[Collection entries]
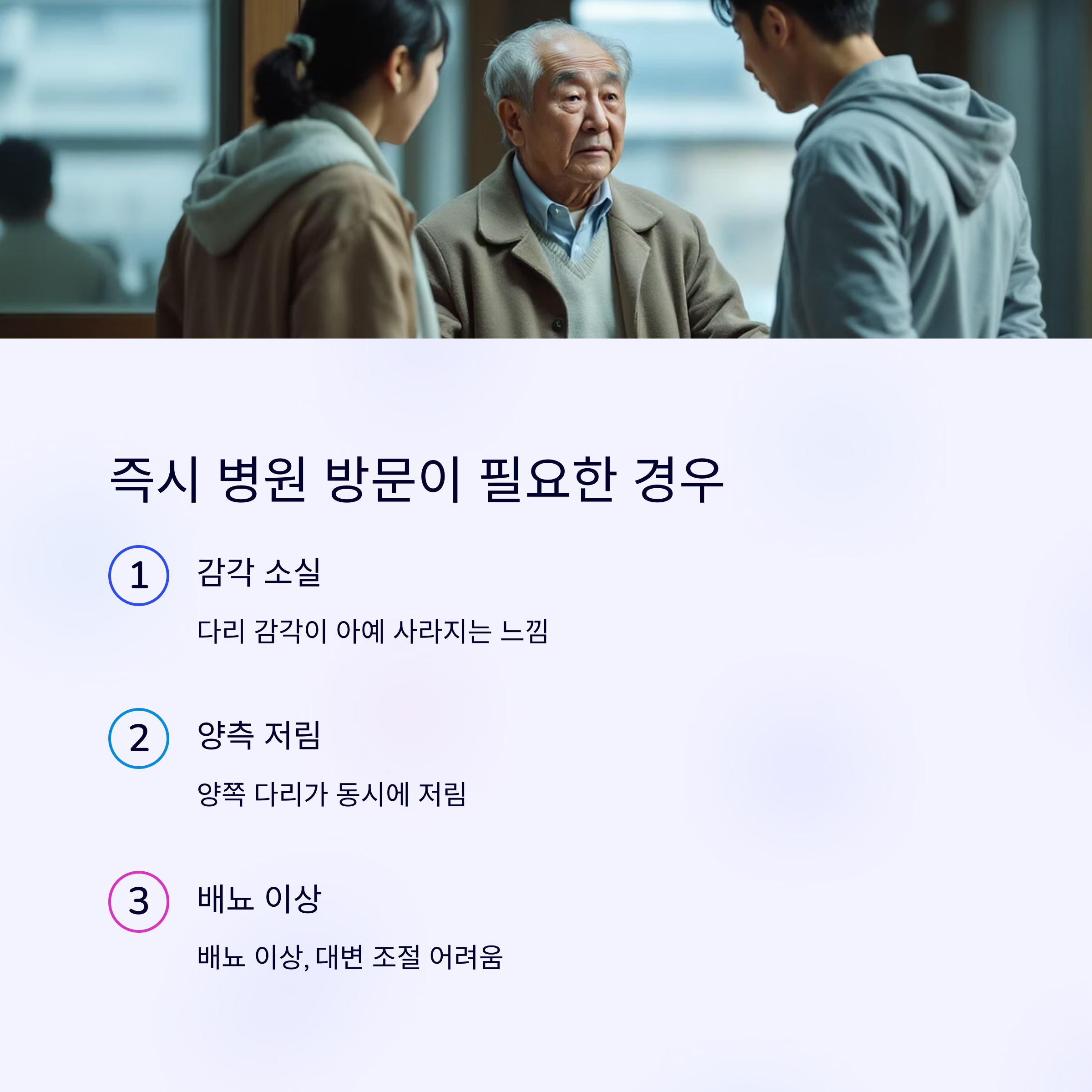 배뇨 이상, 대변 조절 어려움 | 긴급 수술 필요 가능성 있음 |
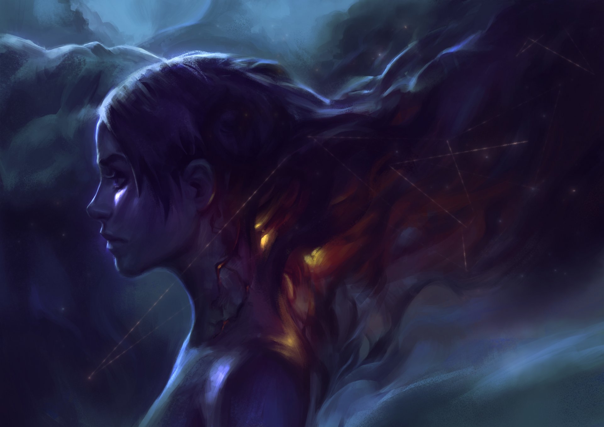 Disegno di una ragazza su uno sfondo scuro con spalle nude
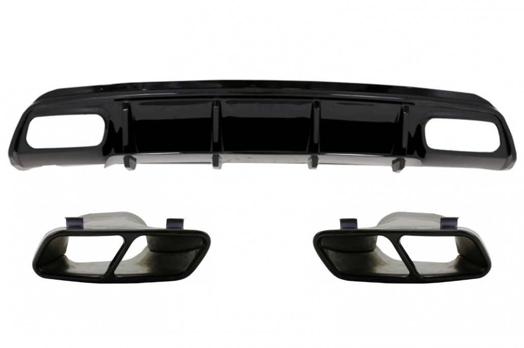 Rear Diffuser with Muffler Tips Black suitable for Mercedes A-Class W176 (2012-2015) A45 Facelift Design
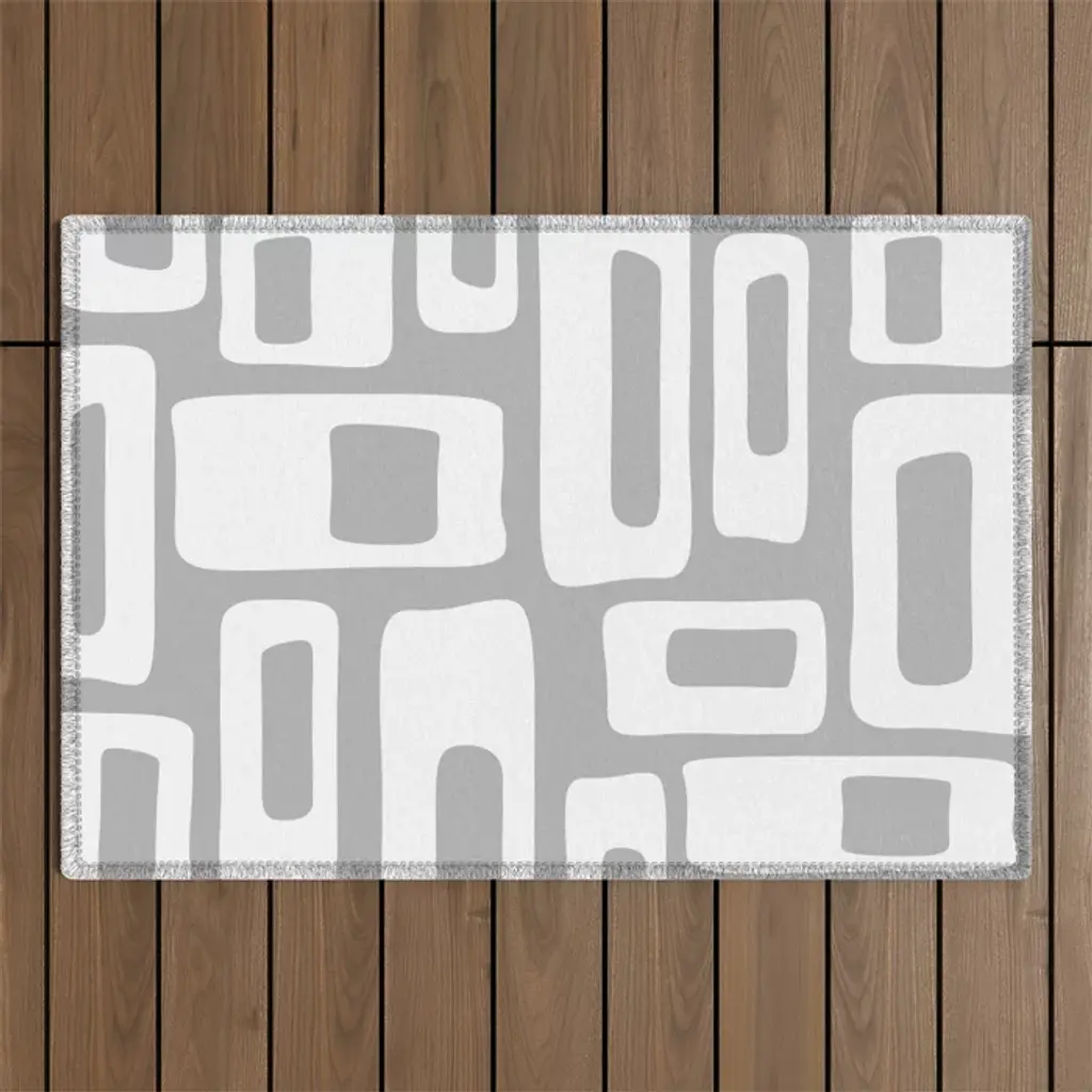 Retro Mid Century Modern Abstract Pattern 336 Gray Outdoor Rug
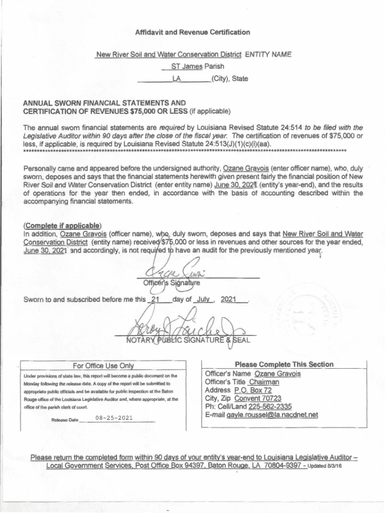 Affidavit and Revenue Certification New River Soil and Water Conservation District ENTITY NAME ST James Parish LA(City), StateANNUAL SWORN FINANCIAL STATEMENTS AND Certification OF REVENUES $75,000
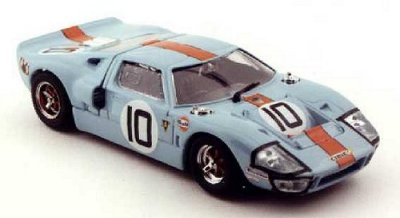 1/43rd scale diecast model of the the Ford GT40, car #10 as driven at LeMans in 1968 by Paul Hawkins and David Hobbs. Rear cover opens to show engine detail. Made by Bang, mounted on base with plexi cover and outer card box.
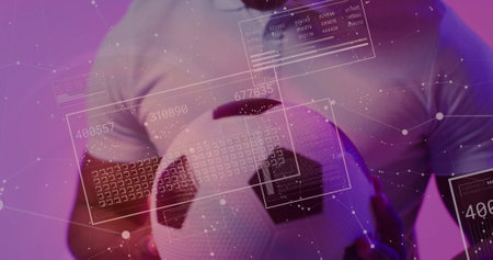 Midsection of caucasian male player holding soccer ball over illuminated plants and hexagon. Pink, copy space, blue, composite, sport, soccer, competition, neon, glowing and abstract concept.
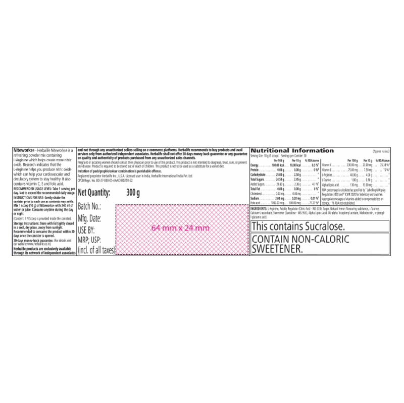 INSTRUCTION FOR USE: Gently shake the canister prior to each use as contents may settle. Mix 1 scoop (10 g) of Niteworks® with 240 ml of water or juice. Consume anytime during the day or night.
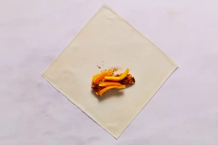 10. Fold the bottom of the wrapper over the fruit and roll upwards once.
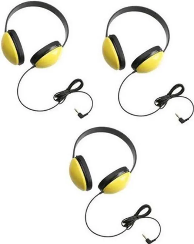 Califone 2800-YL Listening First Stereo Headphones (3-Pack), Yellow, Adjustable headband comfortable for extended wear, Specifically sized for young studentsThis Listening First stereo headphone is specifically built for young students with safety as its first concern. Rugged ABS plastic earcups withstand daily use with slotted earcup baffles to prevent accidental damage from prying fingers or foreign objects. The volume control is set from the audio source (not on the headphone or cord) for student safety. It is ideal for classroom story-time, library, and computer uses. Key FeaturesPermanently attached cord with reinforced strain connection Right angle plug resists accidental pull out 5.5 straight cord with 3.5 mm plug set at right angle reduces accidental pull-out Ambient noise-reducing earcup lowers outside noise so volume does not need to be as high, as recommended by audiologists for hearing safety Rugged ABS plastic earcups resist breakage in high-use situations
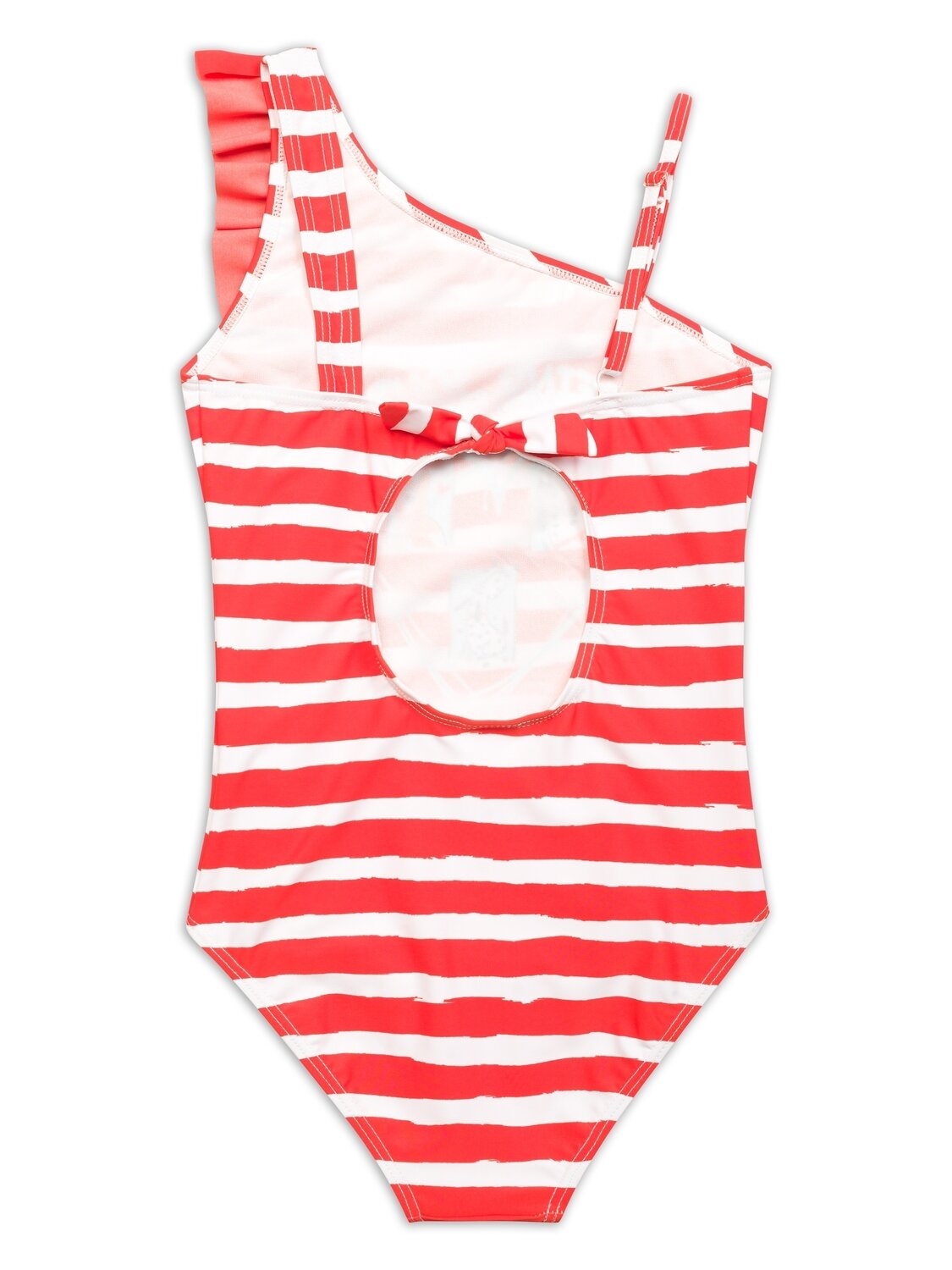Слитный купальник с асимметричными лямками, тонкая лямка с регулировкой длины. На передней части подклад. На спинке декоративный бантик. Мягкий эластичный принт с серебряным металликом. Перевод Челлендж найди свое настроение.

— WORK ORDER —
Your answer must be the records exactly as they stand, with no pictures in it.

— SOLUTION TO THE EXERCISE —
 배뇨 이상, 대변 조절 어려움 | 긴급 수술 필요 가능성 있음 |
 Disegno di una ragazza su uno sfondo scuro con spalle nude
 Rear Diffuser with Muffler Tips Black suitable for Mercedes A-Class W176 (2012-2015) A45 Facelift Design
 Retro Mid Century Modern Abstract Pattern 336 Gray Outdoor Rug
 Affidavit and Revenue Certification New River Soil and Water Conservation District ENTITY NAME ST James Parish LA(City), StateANNUAL SWORN FINANCIAL STATEMENTS AND Certification OF REVENUES $75,000
 1/43rd scale diecast model of the the Ford GT40, car #10 as driven at LeMans in 1968 by Paul Hawkins and David Hobbs. Rear cover opens to show engine detail. Made by Bang, mounted on base with plexi cover and outer card box.
 Midsection of caucasian male player holding soccer ball over illuminated plants and hexagon. Pink, copy space, blue, composite, sport, soccer, competition, neon, glowing and abstract concept.
 INSTRUCTION FOR USE: Gently shake the canister prior to each use as contents may settle. Mix 1 scoop (10 g) of Niteworks® with 240 ml of water or juice. Consume anytime during the day or night.
 10. Fold the bottom of the wrapper over the fruit and roll upwards once.
 Califone 2800-YL Listening First Stereo Headphones (3-Pack), Yellow, Adjustable headband comfortable for extended wear, Specifically sized for young studentsThis Listening First stereo headphone is specifically built for young students with safety as its first concern. Rugged ABS plastic earcups withstand daily use with slotted earcup baffles to prevent accidental damage from prying fingers or foreign objects. The volume control is set from the audio source (not on the headphone or cord) for student safety. It is ideal for classroom story-time, library, and computer uses. Key FeaturesPermanently attached cord with reinforced strain connection Right angle plug resists accidental pull out 5.5 straight cord with 3.5 mm plug set at right angle reduces accidental pull-out Ambient noise-reducing earcup lowers outside noise so volume does not need to be as high, as recommended by audiologists for hearing safety Rugged ABS plastic earcups resist breakage in high-use situations
Слитный купальник с асимметричными лямками, тонкая лямка с регулировкой длины. На передней части подклад. На спинке декоративный бантик. Мягкий эластичный принт с серебряным металликом. Перевод Челлендж найди свое настроение.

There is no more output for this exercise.